> **EXERCISE PROMPT**
Only the stretch below from the line holding "主持人介绍本次活动规则,学生" through the line holding "1 Karsten Sperling" should be restated, word for word and with both ends included; pictures stay out.

> **INPUT DATA**
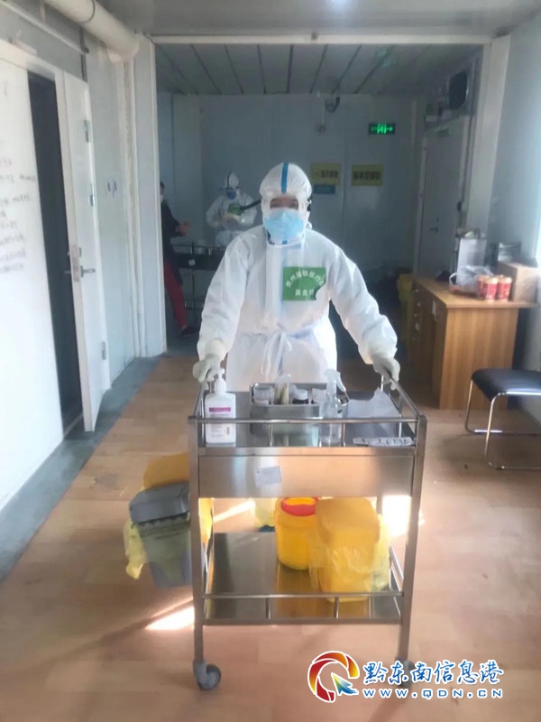 在抗擊病毒的最前沿,必須打起十二分精神,細心護理幫助患者樹立戰勝病魔的信心。工作中,顧鵬舉一直沖在最前面,端屎倒尿倒垃圾,臟活累活都搶著干,只想盡可能的多為病人做一些事情,他覺得自己是團隊里面比較年輕的,體力也比女護士好。在援鄂57天期間,顧鵬舉除了奮戰在抗疫一線為患者貼心治療,還事事沖在最前面,盡力分擔女同事的工作。鄂州市鳳凰酒店作為貴州省醫療隊的物質、醫療、生活用品的臨時集中倉庫,每隔3-5天郵政快遞車都會送來物質。顧鵬舉作為第一批援鄂醫療隊的男同志,每次看到群里面的通知,需要下貨領取物資時,他都會第一時間和隊友們一起去幫忙,待搬完物質后,還把運送來的物資分發到每個同事寢室。
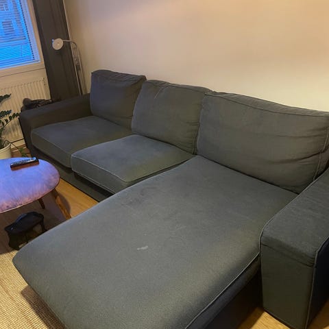 Myydään harmaa kulmasohva divaanilla muuton takia. Sohva on mukava ja tukeva. Normaalia käytön jälkeä ja pieniä tahroja (näkyy kuvissa). Divaani oikealla puolella.
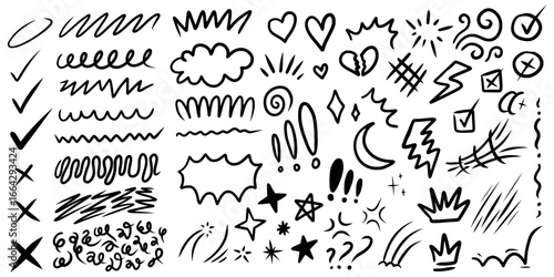 Set of hand-drawn doodle elements in a black ink style. Big collection of sketchy scribbles, arrows, hearts, and comic symbols.
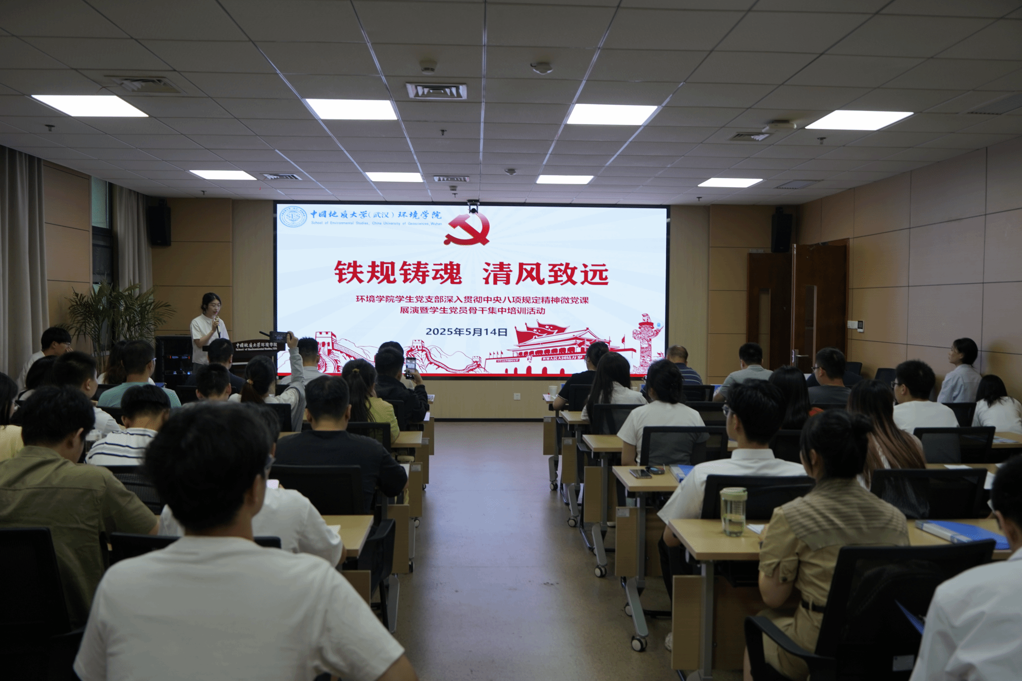 主持人介绍本次活动规则,学生党支部依次进行展演,展演内容由支部风采展示和微党课展演两部分组成。环境污染物识别与风险控制研究生第二党支部、新能源学院学生党支部、水文专业大学生党支部、环境工程专业大学生党支部、地质环境保护与生态修复研究生党支部依次进行展演。
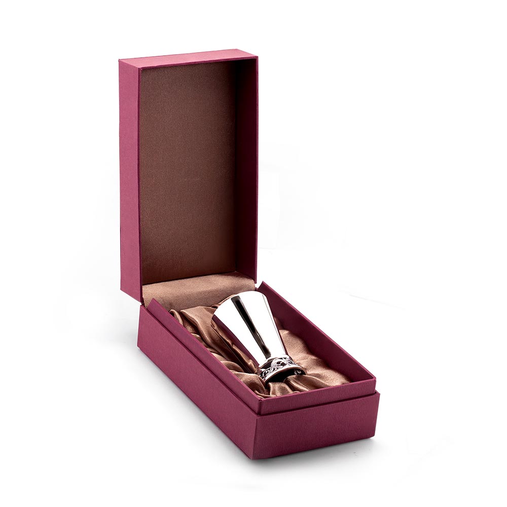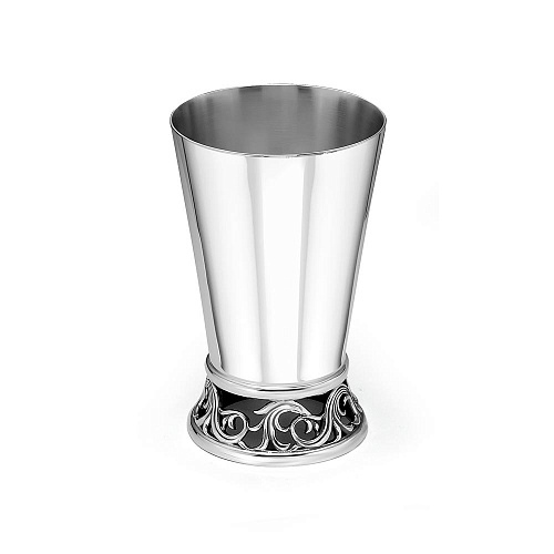 Идеально гладкая стопка с отполированной поверхностью выполнена из серебра 925°. В нижней части стопки красуется красивый, изящный узор. Стопка может стать прекрасным сувениром к любому торжеству.
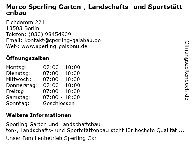 1 Karsten Sperling Schornsteinfegermeisterbetrieb (Entfernung: 3,16 km) Forststr. 29, 16761 Hennigsdorf 2 Horst Kruse & Sohn Garten, Landschafts- u. Sportplatzbau GmbH (Entfernung: 10,58 km) Wiesendamm 21, 13597 Berlin 4 Landschafts- u. Gartengestaltung Minge GmbH (Entfernung: 12,90 km) Weimarer Str. 8, 16515 Oranienburg 6 |
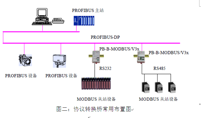 平朔项目采用了北京彩神ll购彩大厅-彩神购彩购彩大厅-welcome彩神彩神-彩神8争霸登录入口-网信welcome彩票彩神-彩神welcome购彩中心-彩神8购彩-彩神争8谁与争锋app科技创新有限公司生产的PB-B-MM/485/V3.3协议转换桥,该接口是PROFIBUS总线桥系列中的产品,可将具有RS232/485、CAN及MODBUS等专用通信协议的接口设备连接到PROFIBUS总线上,使设备成为PROFIBUS总线的一个从站。该设备在接口RAM 中建立了PROFIBUS到MODBUS映射数据区,由软件实现PROFIBUS和MODBUS的协议转换及数据交换。该协议转换桥常用布置如下:
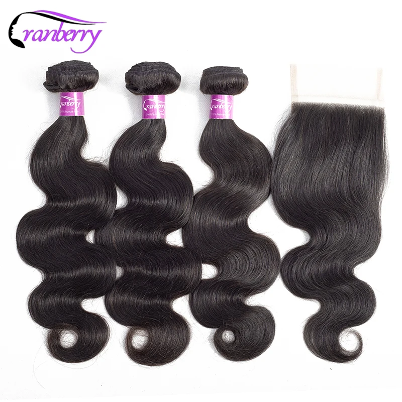 Клюквенные волосы бразильские волнистые пряди для тела с закрытием 100% Человеческие волосы Remy 3 пряди с закрытием швейцарское кружево средней длины коричневое кружево
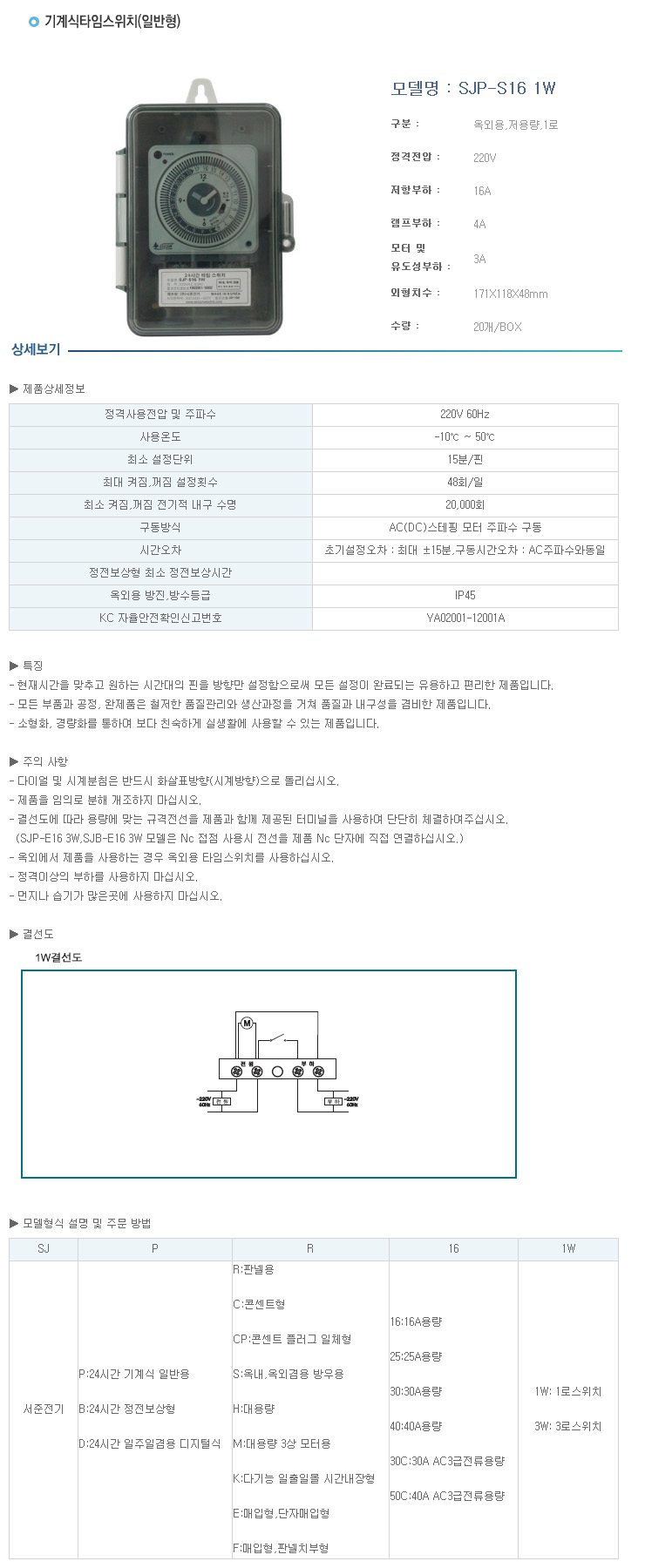 [¼­ÁØ]¿Á¿Ü¹æ¼ö¿ë ÀϹÝÇü ŸÀÓ½ºÀ§Ä¡(SJP-S16 1W, 1Kw¹Ì¸¸ºÎÇÏ, ±â°è½Ä 1·Î ŸÀÓ½ºÀ§Ä¡)(Mechanical Time Switch)

> **ANSWER BELOW**
 主持人介绍本次活动规则,学生党支部依次进行展演,展演内容由支部风采展示和微党课展演两部分组成。环境污染物识别与风险控制研究生第二党支部、新能源学院学生党支部、水文专业大学生党支部、环境工程专业大学生党支部、地质环境保护与生态修复研究生党支部依次进行展演。
 Идеально гладкая стопка с отполированной поверхностью выполнена из серебра 925°. В нижней части стопки красуется красивый, изящный узор. Стопка может стать прекрасным сувениром к любому торжеству.
 1 Karsten Sperling Schornsteinfegermeisterbetrieb (Entfernung: 3,16 km) Forststr. 29, 16761 Hennigsdorf 2 Horst Kruse & Sohn Garten, Landschafts- u. Sportplatzbau GmbH (Entfernung: 10,58 km) Wiesendamm 21, 13597 Berlin 4 Landschafts- u. Gartengestaltung Minge GmbH (Entfernung: 12,90 km) Weimarer Str. 8, 16515 Oranienburg 6 |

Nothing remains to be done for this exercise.